Having difficulty understanding what the Range of a linear transformation is.

[phantomcow2]

One of the topics in my linear algebra course is kernel and range of a linear transformation. I have a firm understanding of what the kernel is: the set of vectors such that it maps all inputs to the zero vector. Range, however, remains nebulous to me. My textbook says that the range is "THe set of all vectors in W that are images under T of at least one vector in V."

I'm not sure what it means to be "an image under T." Could somebody explain this to me? I'd just like to have this concept clarified. Thanks.

 

[Newtime]

One of the topics in my linear algebra course is kernel and range of a linear transformation. I have a firm understanding of what the kernel is: the set of vectors such that it maps all inputs to the zero vector. Range, however, remains nebulous to me. My textbook says that the range is "THe set of all vectors in W that are images under T of at least one vector in V."

I'm not sure what it means to be "an image under T." Could somebody explain this to me? I'd just like to have this concept clarified. Thanks.

See the attachment.

 

[phantomcow2]

Wow, that is a wordy explanation and exactly what I needed. Thanks :).

 

[radou]

The range and image are the same thing. But the codomain isn't. If a mapping is surjective, then they're all the same set, but in general, not.

 

[blue_raver22]

The range of a linear transformation refers to the set of all output vectors that can be obtained by applying the transformation to at least one input vector. In other words, it is the set of all possible values that the transformation can produce.

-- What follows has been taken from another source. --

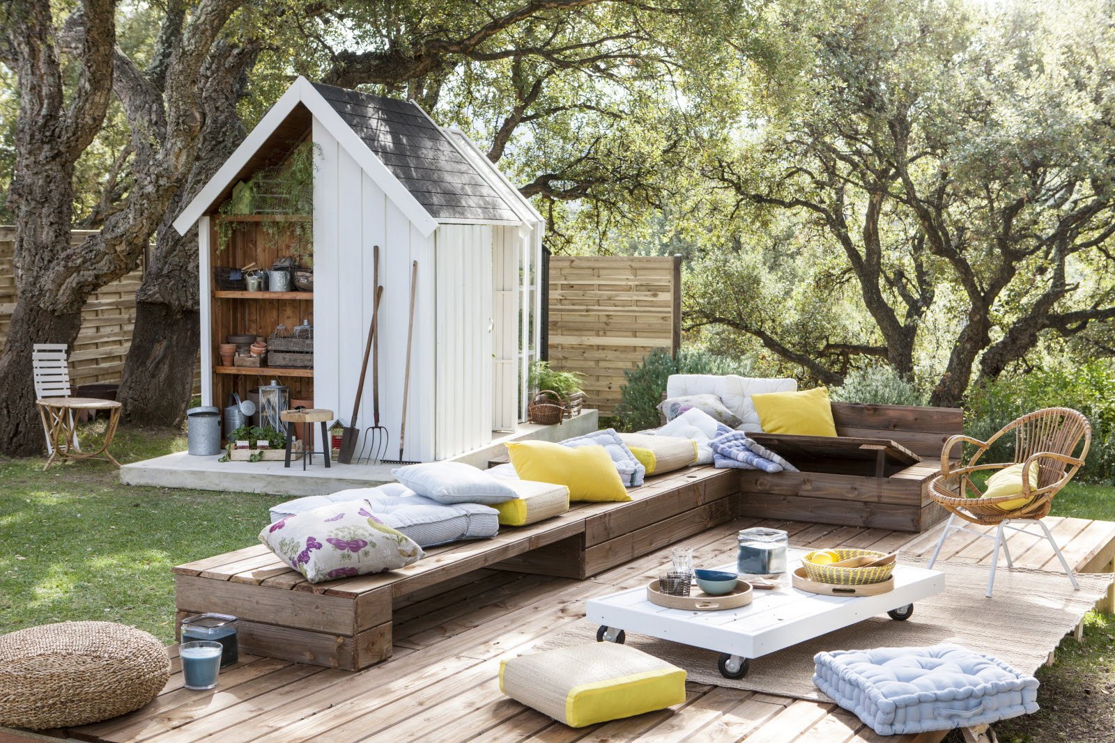 Лаунж зона на даче из поддонов

To better understand this concept, let's consider an example. Imagine we have a linear transformation that takes a 2D vector and rotates it by 90 degrees counterclockwise. The range of this transformation would be all possible 2D vectors that can be obtained by rotating any input vector by 90 degrees counterclockwise. So, the range would include vectors such as (1,0), (0,1), (-1,0), (0,-1) and all their combinations.

The term "image under T" refers to the output vector that is obtained after applying the transformation T to a specific input vector. In our example, the image under T of the vector (1,0) would be (-1,0) since that is the result of rotating (1,0) by 90 degrees counterclockwise.

I hope this explanation clarifies the concept of range for you. It is an important concept in linear algebra as it helps us understand the full scope of a linear transformation and its capabilities.